Anonymous wrote:Op, you are fully aware that your DH is cheating on you, has always cheated on you and always will. You can’t deal with the idea of divorce so you avoid it. Here is some advice that I hope you take seriously:
When you have had enough- maybe when you meet someone else or you get publicly humiliated by your cheating DH, or just wake up from your fog - be prepared for an ugly divorce. Your DH will be angry and spiteful. He will punish you emotionally and financially at every turn. He will turn everything around on you - making you doubt yourself and your decisions.
How do I know this? He has already demonstrated all of these behaviors. It’s all in your posts. And also I have had some experience in this department.
So, OP, be prepared. Get organized. Be prepared emotionally as well. If you can’t fathom the idea of divorce, you need to be at peace with your situation. You are married to someone who is not faithful to you. And you know it.
Anonymous wrote:Anonymous wrote:^^I once had a relationship with a guy like that. Wanted to be with me, loved me, but pushed boundaries and couldn’t be trusted. It was crazy-making.
Same here. Mine had romantic dates with multiple other women that "meant nothing" and tried to make me feel like I was a control freak. Good riddance.
Anonymous wrote:Wow, lot's of people stirring up drama. Including OP's husband.
Why on earth does he tell OP he is out with a young personal trainer in Vegas? Just go, stay behaved and keep it to yourself. What good does it do to let his wife be powerless and jealous?
Like, I am at a work conference. Sometimes, we have group dinners, and sometimes we go out after.

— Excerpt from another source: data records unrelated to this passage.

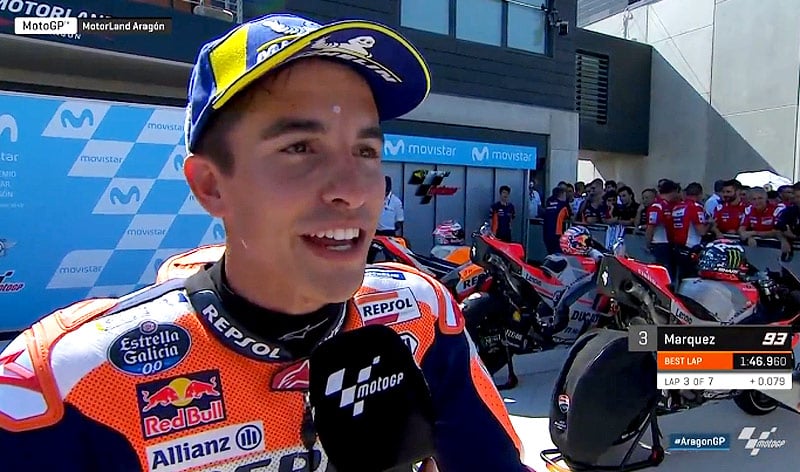 A peine descendu de sa Honda RC213V officielle après avoir obtenu la 3e place sur la grille de départ du Grand Prix d’Aragon au côté des deux Ducati officielles, Marc Marquez s’est confié au micro du site officiel MotoGP.com.
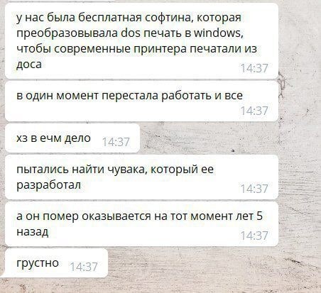 Лет 15 назад в одной конторе накидал софтину для автоматизации процесса, которая сильно облегчала мне жизнь. Можно было и без неё работать, но это бы тратило в день как минимум пару часов рабочих если задачу обрабатывать в ручную. Аналогов софтины не существует в природе в виду узкой специализации, которая кроме как в этой конторе врятли понадобится. Ушёл с той конторы давно, но тут недавно мне позвонили оттуда. И сообщили о том что моя софтина не работает под современными ОС. Просили помочь, за деньги, за большие. Но дело в том что исходников я не сохранил, и на программирование очень давно забил, да и желания вспоминать особенности работы той софтины совем нет, о чем текущим начальникам и сообщил. Пока держут отдельный древний комп с древней ОС(вин 2000, соответственно Иде хард с соответствующим железом), которая продолжает автоматизировать тот процесс. Других вариантов не придумали. Да, под виртуальной машиной софтина работать не будет, в виду специфичности оборудования, с которым она работает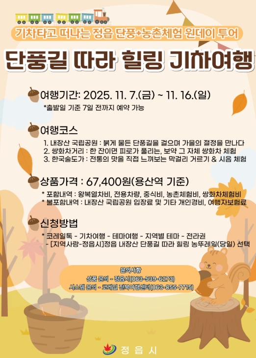 ![]() ‘내장산 단풍 + 농촌체험’ 농뚜레일 기차여행 |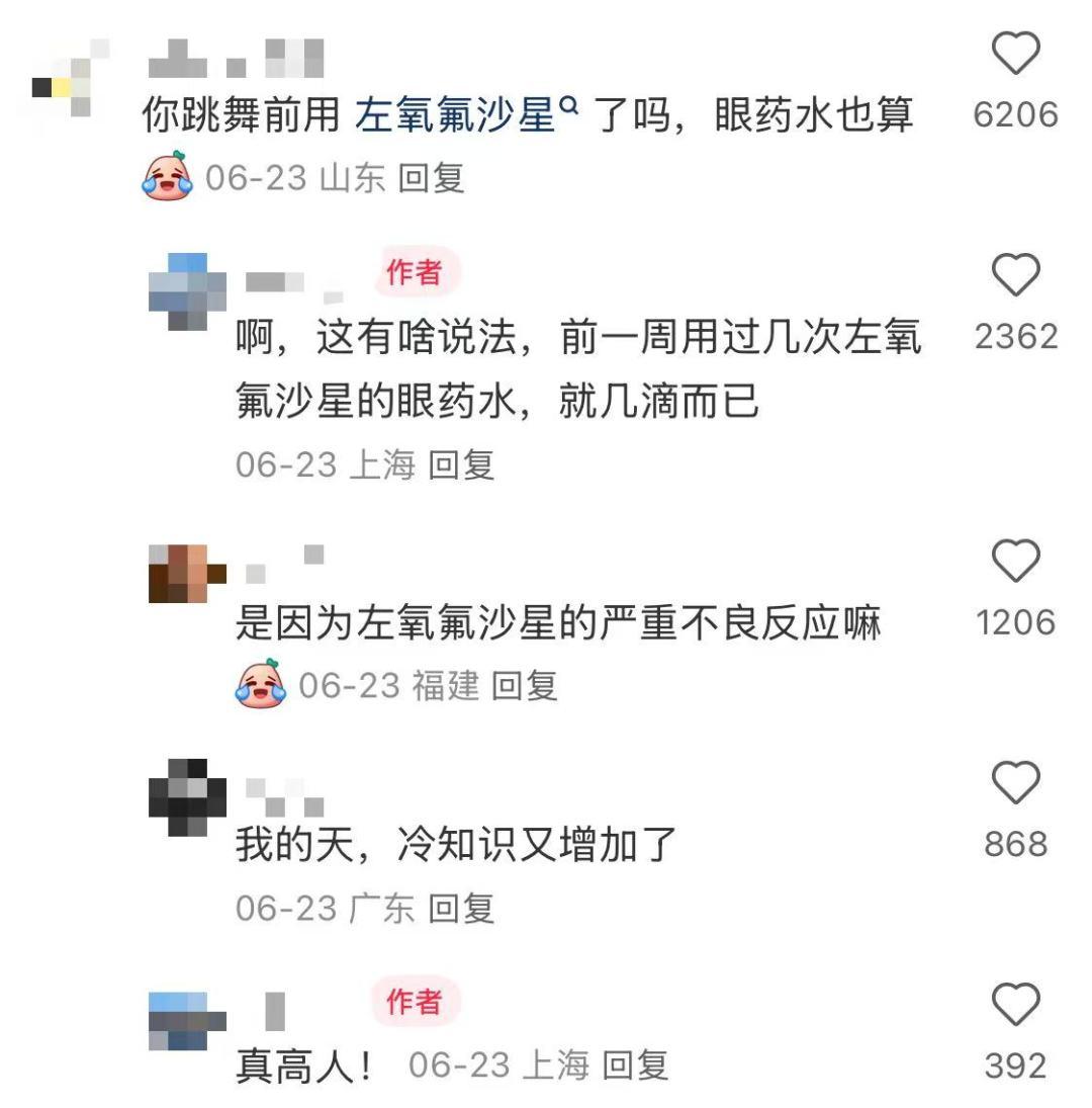起因是有网友分享,最近自己在参加一节Hiphop舞蹈基础课时,“随便一脚把跟腱踩断了”。经评论区网友提醒,意外发现“跟腱断裂可能与使用了左氧氟沙星滴眼液有关”。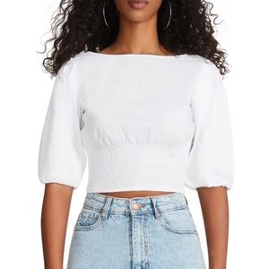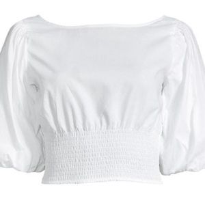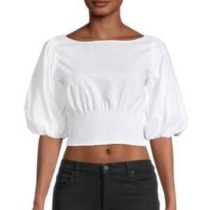 NWT BB DAKOTA SMOCKED PUFF-SLEEVE COTTON POPLIN TOP WHITE SMALL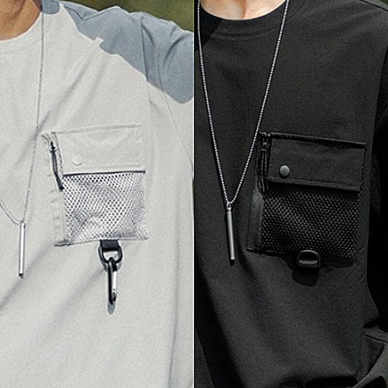 フラップとリングが付いたメッシュポケットは、アクティブな動きを妨げず、小物の収納に便利。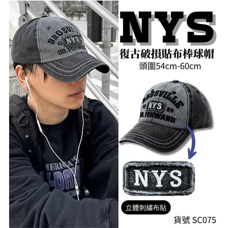 現貨 韓國同款 NYS 復古棒球帽老帽 帽子 帽子男 男生帽子 破損 貼布 彎檐帽 個性 棒球帽 破壞 仿舊 拼接 刺繡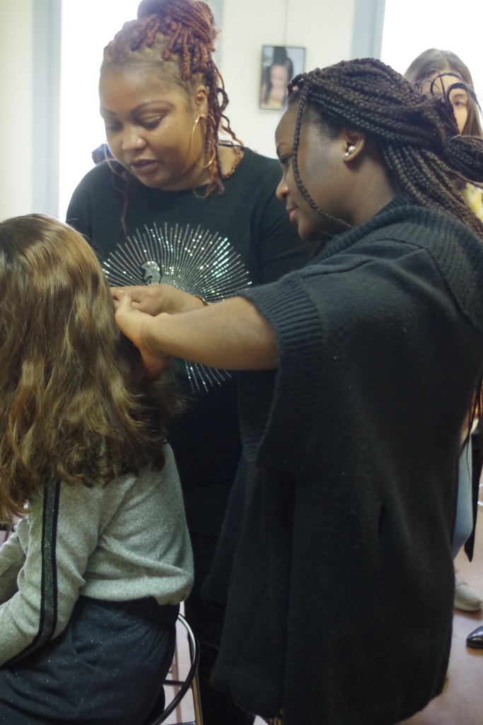 Une salle du centre culturel était aménagée en salon de coiffure africaine. 5 coiffeuses bénévoles ont mis beaucoup d’énergie à faire des tresses tout l’après-midi ….. La gagnante du jeu de la « tête coiffée » tirée au sort sur facebook a bénéficié d’une jolie coiffure.

And I may be out with young, attractive women who may be single and flirty. I don't tell my wife this, I just have a good time, keep my pants on and take the flirty fun to the mental rolodex.

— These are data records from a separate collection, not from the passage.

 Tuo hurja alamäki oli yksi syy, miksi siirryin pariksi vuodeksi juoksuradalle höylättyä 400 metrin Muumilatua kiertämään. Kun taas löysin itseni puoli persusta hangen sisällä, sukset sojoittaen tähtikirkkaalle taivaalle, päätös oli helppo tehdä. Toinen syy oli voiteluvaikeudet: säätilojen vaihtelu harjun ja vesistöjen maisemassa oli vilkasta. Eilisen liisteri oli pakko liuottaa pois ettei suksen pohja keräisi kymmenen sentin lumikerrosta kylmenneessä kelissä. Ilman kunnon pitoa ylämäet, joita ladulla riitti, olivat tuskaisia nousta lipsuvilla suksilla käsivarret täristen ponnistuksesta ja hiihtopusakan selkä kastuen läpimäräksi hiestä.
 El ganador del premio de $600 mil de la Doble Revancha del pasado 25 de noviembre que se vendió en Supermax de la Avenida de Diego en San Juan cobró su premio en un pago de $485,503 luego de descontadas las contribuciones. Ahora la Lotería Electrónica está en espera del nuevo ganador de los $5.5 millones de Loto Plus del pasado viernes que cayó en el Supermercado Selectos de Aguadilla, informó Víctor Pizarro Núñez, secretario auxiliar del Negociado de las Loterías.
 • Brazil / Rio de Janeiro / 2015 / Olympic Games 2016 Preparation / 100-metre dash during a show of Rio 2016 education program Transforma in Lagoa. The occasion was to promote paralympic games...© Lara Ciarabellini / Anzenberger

Anonymous wrote:The poor DH is presumed guilty by so many that I hope he banged the trainer and a couple of her friends. If he's presumed guilty he might as well have enjoyed it.
Anonymous wrote:The poor DH is presumed guilty by so many that I hope he banged the trainer and a couple of her friends. If he's presumed guilty he might as well have enjoyed it.

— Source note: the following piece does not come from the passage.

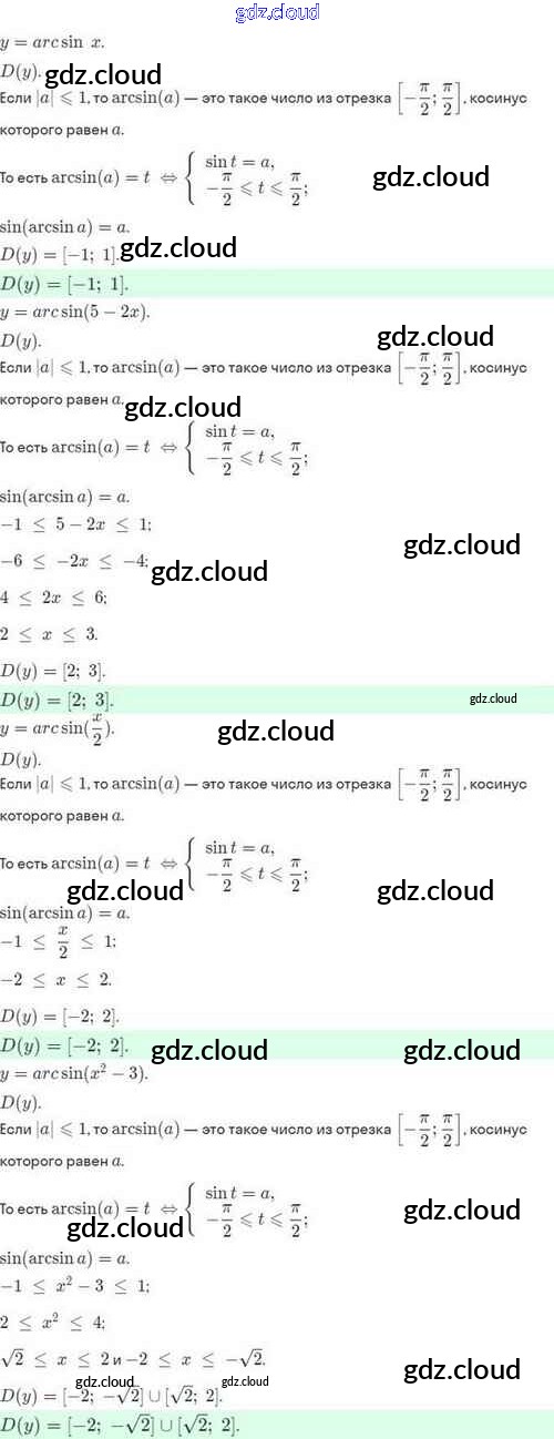Ответы. §21. Обратные тригонометрические функции по Алгебре 10 класс Задачник Мордкович Базовый и углубленный уровень Мнемозина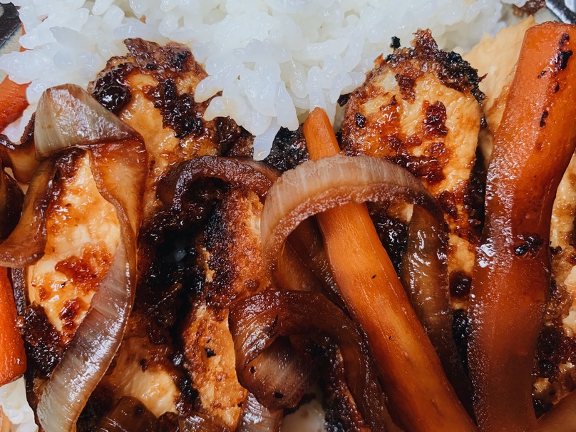 Simmer the carrots and onions with a dash of salt, pepper and soy sauce. Feel free to add other vegetables of your choice (for example asparagus or bell peppers)

Anonymous wrote:^^I once had a relationship with a guy like that. Wanted to be with me, loved me, but pushed boundaries and couldn’t be trusted. It was crazy-making.
Anonymous wrote:Anonymous wrote:OO, it sounds like he’s one of these guys who can compartmentalize. He probably was sincere last night in your conversation, but he also was on a path to cheat or behave inappropriately; he pushes the boundaries of what’s appropriate when he has the opportunity. The two are not emotionally exclusive.
He loves you; he wants to be married to you; he’s sincere; he’s not trustworthy.
OP here. Interesting perspective. You may very well be right. Thanks.